**Given information:**
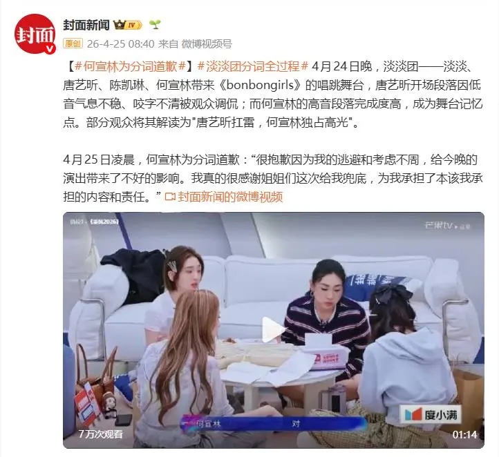 争议来得快,回应更快。4月25日凌晨,何宣林在社交平台发文道歉,语气诚恳且直接:“很抱歉因为我的逃避和考虑不周,给今晚的演出带来了不好的影响。我真的很感谢姐姐们这次给我兜底,为我承担了本该我承担的内容和责任。”她没有回避问题,而是主动把“逃避”和“考虑不周”这两个关键词摆上了台面,承认自己在分词环节上的处理不够成熟,让队友替自己承担了压力。
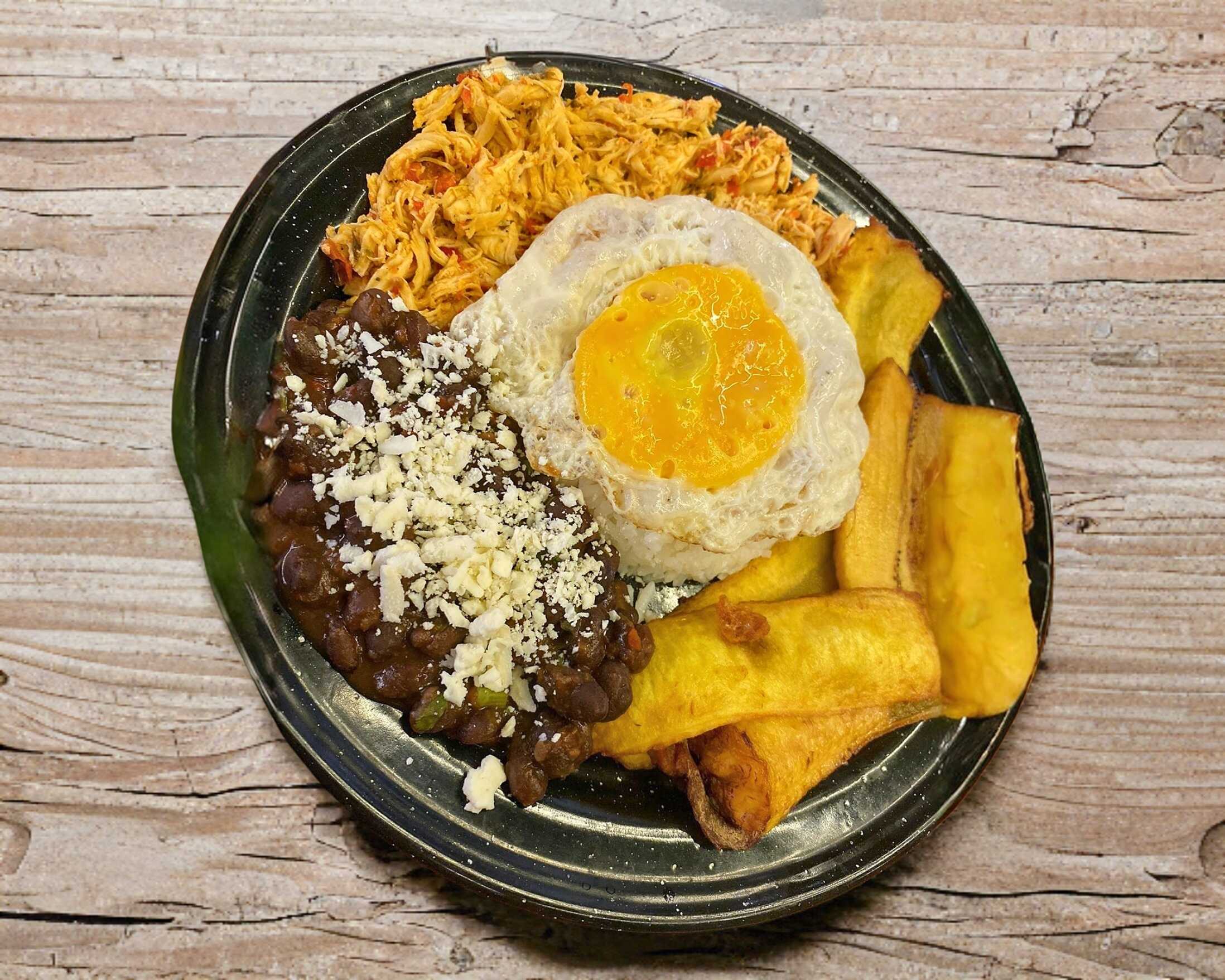 Pollo deshebrado, frijoles negros, tajadas de platano macho, arroz blanco y un huevo estrellado.
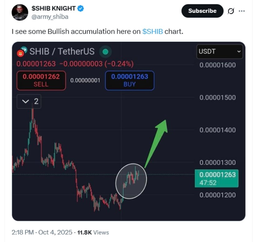 柴犬币(SHIB)当前价格图表呈现看涨吸筹信号。来源:$SHIB KNIGHT via X

**Goal of the exercise:** Copy nothing but the lines above from the one with "Pollo deshebrado, frijoles" through the end of the material, word for word, and drop the pictures.

**Task response:**
 Pollo deshebrado, frijoles negros, tajadas de platano macho, arroz blanco y un huevo estrellado.
 柴犬币(SHIB)当前价格图表呈现看涨吸筹信号。来源:$SHIB KNIGHT via X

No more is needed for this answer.